Watercolor by Vicens Clarina. ”Clown”

$1,500.00

Watercolor by Vicens Clarina. ”Clown”

total measurements; 42cm (16.5”) x 29cm. (11.5”)
Only work 30.5cm (12”) x 18cm. (7”)

Descripción

Watercolor by Vicens Clarina. ”Clown”

total measurements; 42cm (16.5”) x 29cm. (11.5”)
Only work 30.5cm (12”) x 18cm. (7”)

The painter Clarina Vicens Alegre (Montevideo, Uruguay, 1938), daughter of a Spanish father, began studying painting at the age of eleven and at fourteen she entered the National School of Fine Arts of Montevideo, where she studied painting, sculpture and engraving. She was a founding member of the group El Cerro, she was a disciple of Edgardo Ribeiro and Augusto Torres, son of Joaquín Torres García.

In 1974 she won a scholarship from the French Government and moved to France, choosing the École des Beaux Arts et Architecture de Marseille. She has combined her artistic work with teaching, which she practiced for years in her hometown, in Barcelona and in Madrid.
He has exhibited his paintings and drawings in different cities in Uruguay, his first individual exhibition being in 1953 when he was only 15 years old, and in our country, since 1977, at the Es Molí gallery in Ibiza, doing so repeatedly in Madrid, Barcelona and Uruguay since then. .

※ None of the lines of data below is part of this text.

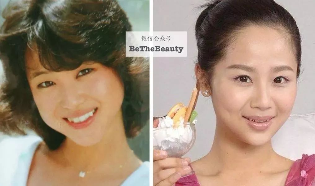 ▲左边的齐藤由贵脸更短宽,文根英早期脸更窄长,也可反映时代审美变化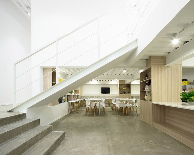 動畫片制作特殊的工作流程,分為前期中期后期三部分。前期制作需要相對自由的氛圍,能帶動創新思考的舒適空間。中期制作作為工作主體,對空間的靈活性和開闊性較有要求。而后期制作則要求嚴格控制光線進入空間內部。彼岸天團隊由創業,發展到現在形成以年輕人為主的一個大家庭氛圍,有自己的廚師,員工晚上有時會加班睡在工作室里。根據這三個不同工作目標的團體的需求,建筑師在這個空曠的方盒子內進行重新規劃,在整個大的空間里面限定出眾多圍和與半圍和的室內空間,以滿足不同的使用需求。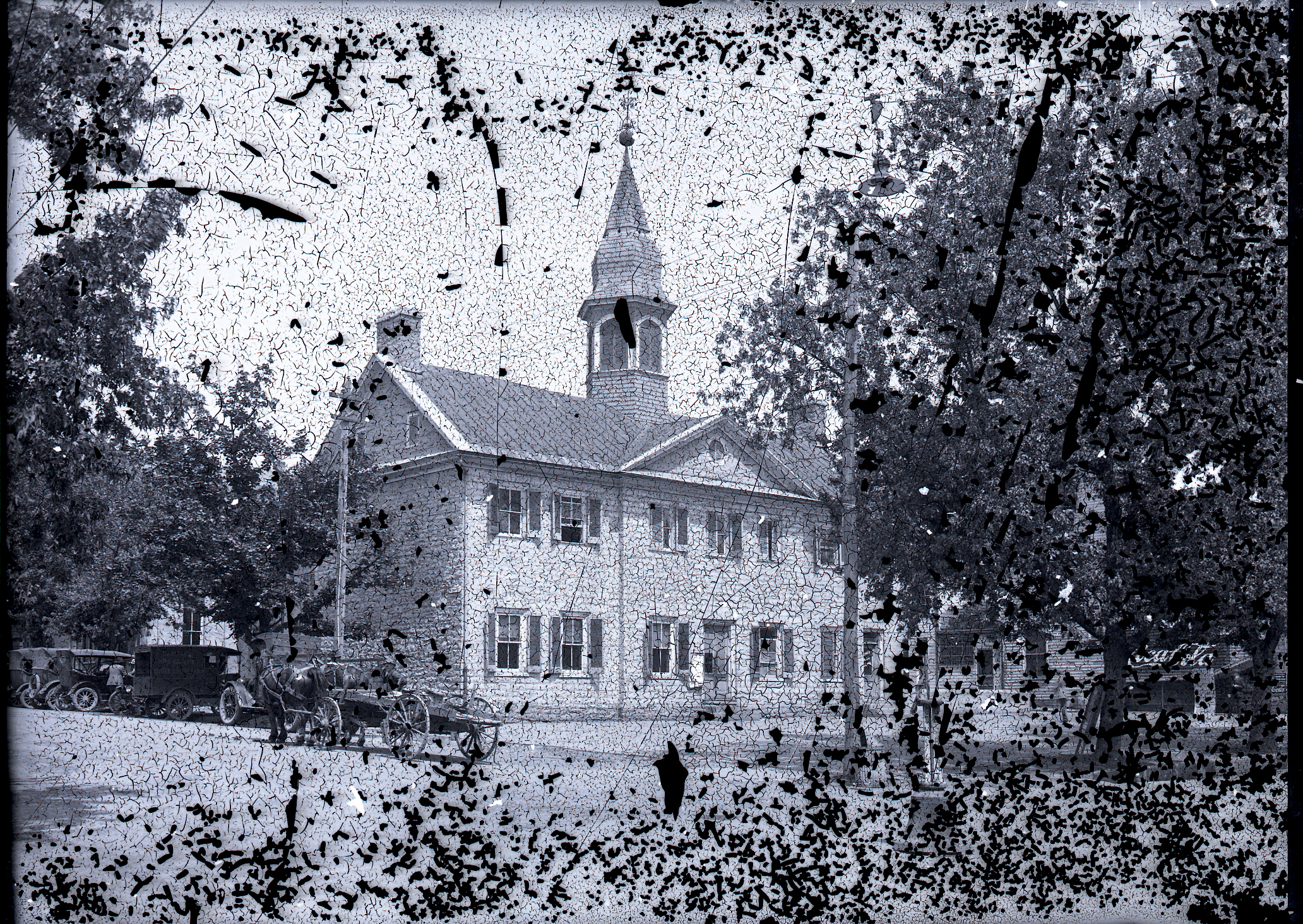 Damaged image of the old Shenandoah County Courthouse located on the northwest corner of Court and Main Streets in Woodstock, and taken from across the street diagonally.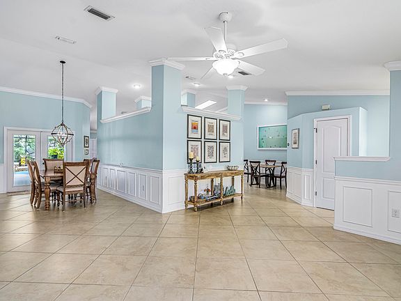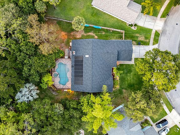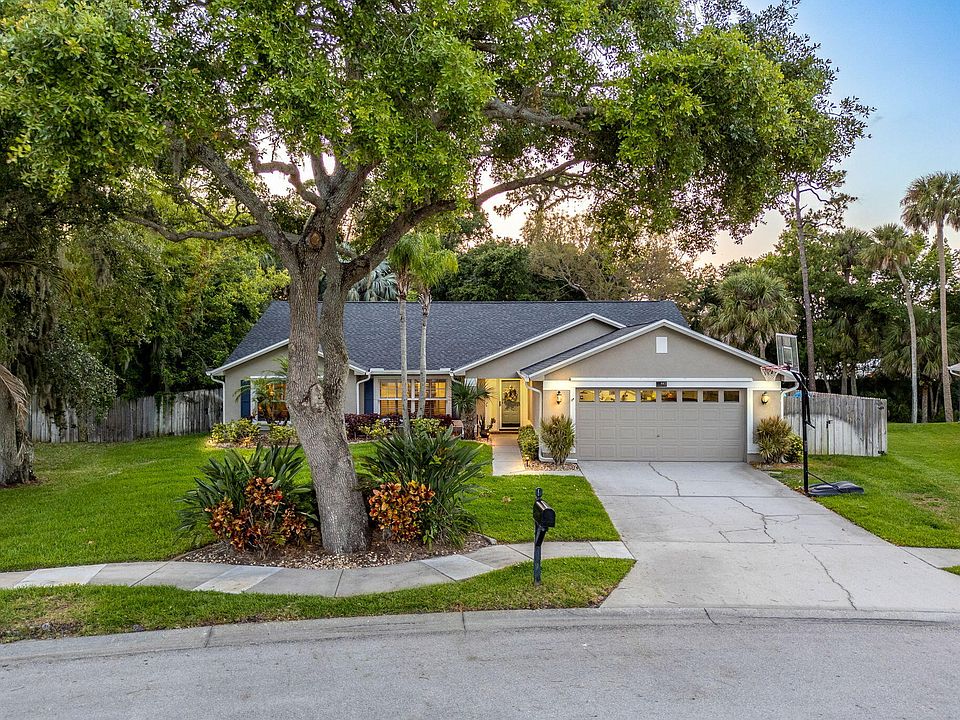 Explore this exquisite pool home nestled in a gated community on a cul-de-sac. This property spans 2,522 square feet & is situated on a serene & private 0.50-acre lot—ideal for storing large toys. The home boasts 24'' x 24'' tiles & plantation shutters throughout. The formal living & dining rooms are tailor-made for celebrations, while the kitchen features wood cabinets, granite countertops, a marble backsplash, under-cabinet lighting, and sleek black stainless steel appliances. The family room w/ a cozy fireplace offers a perfect setting for relaxing nights. Freshly painted exterior & a newly installed roof in 2023. Detailed millwork, crown molding, chair rails & panel molding enrich the aesthetic. The laundry room includes a sink & extensive storage. The large bedrooms provide ample space for comfort. Outside, the large lanai is perfect for barbecues and gatherings, next to a supersized pool and expansive yard for outdoor fun. Conveniently located near Northrop Grumman & L3Harris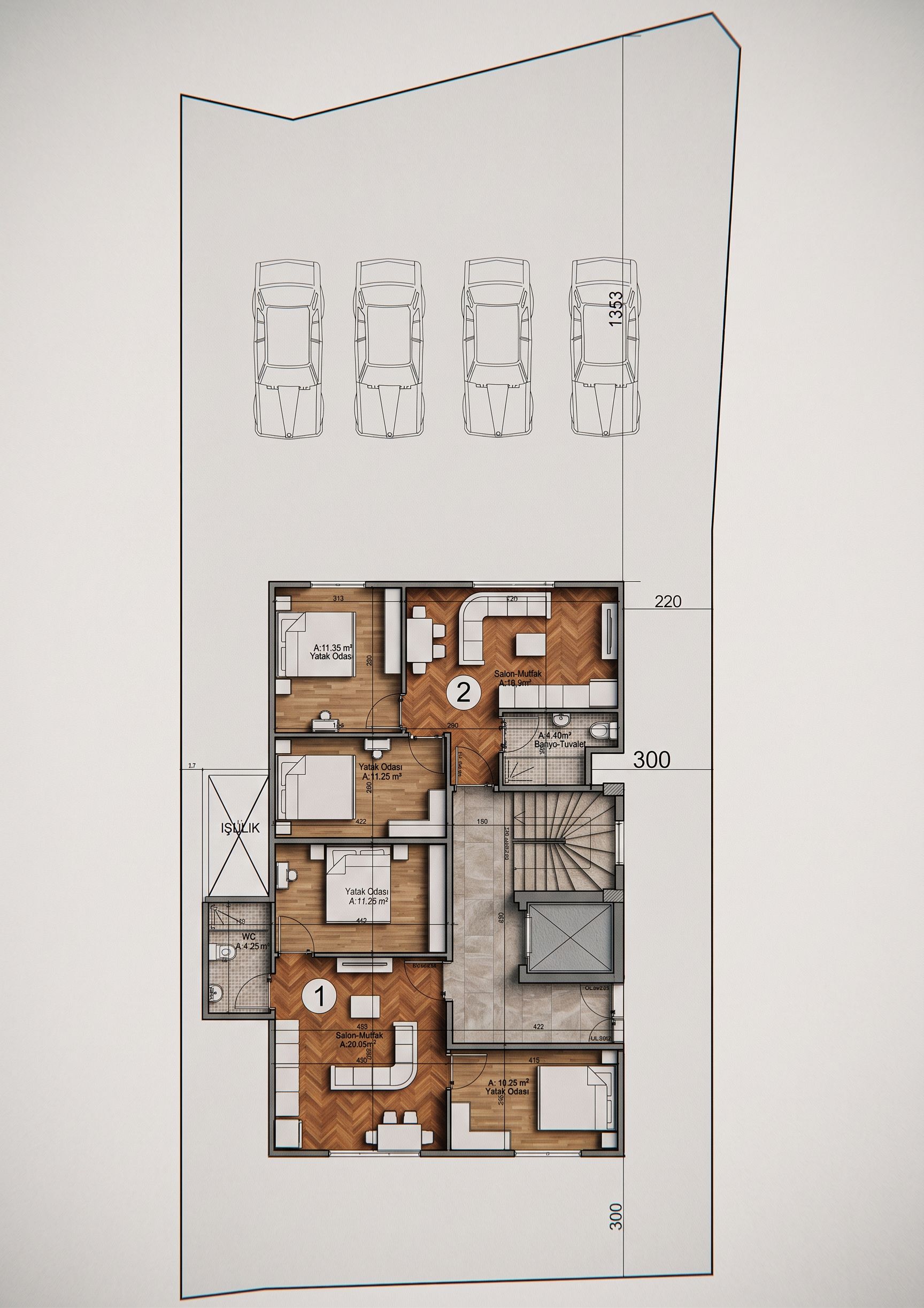 PromptTHIS IS A TWO-DIMENSIONAL ARCHITECTURAL PLAN BUILT ON A PLOT OF LAND, CONSISTING OF TWO SEPARATE APARTMENTS, A FLOOR HALL, AND A STAIRCASE. COULD YOU PAINT IT ACCORDING TO THE FLOORING OF THE ROOMS? (BATHROOM: CERAMIC, LIVING ROOM-KITCHEN: WOODEN PARQUET, BEDROOM: PARQUET, FLOOR HALL AND STAIRCASE: CERAMIC TILES DIFFERENT FROM THE BATHROOM, AND THE ELEVATOR COULD BE PAINT GRAY.), keep exact camera angle, keep exact camera angle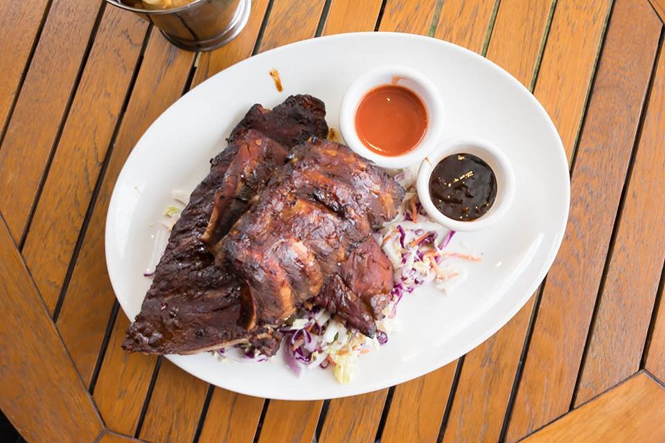 The Bedrock Pork Ribs was another massive dish. The ribs were cooked well and had a lovely smoky, sticky sauce coating that was amazing. The smoky, savoury flavours balanced well with the fresh, crunchy coleslaw that helped to lighten the dish. We also got served delicious curly fries to add to our meal. A thick sweet BBQ sauce and a hot peppery sriracha were served on the side for dipping your ribs in to and add to the flavour, making your ribs extra saucy, which I love. It also was a great option for those who like to make their ribs a bit sweeter or a bit spicier which helped to cater this dish for everyone’s taste buds. This generous serving ended up defeating us in the end and we couldn’t finish it all, but boy did we try.

Among the awards that support her resume are the Prize of the Illustrated Poem Salon in Montevideo, in the 1966, 1968 and 1972 editions, and the Prize of the Asturian Center of Madrid in its Semana de América in 1995.

Between 1956 and 1965, Clarina Vicens illustrated with her drawings the journalistic chronicles of the newspaper El Plata, about the stage events that were represented in Montevideo in those years.

It is still curious to note that works by Bertold Brecht, Tennessee Williams, García Lorca, Moliere, Bernard Shaw, O’Casey, Ionesco, Lope de Vega, Henry de Montherlant and a very long etcetera, are staged in the Uruguayan capital before than in many other European ones and that compositions such as Der Rosenkavalier by Richard Strauss (1911), Carmina Burana by Orff (1936), Hansel and Gretel by Humperdinck (1893) or Il Segreto di Susanna by Wolf-Ferrari, only accessible to the most elitists of that decade, which were only represented in New York and in the temples of European music, arrived in that small city of barely a million inhabitants.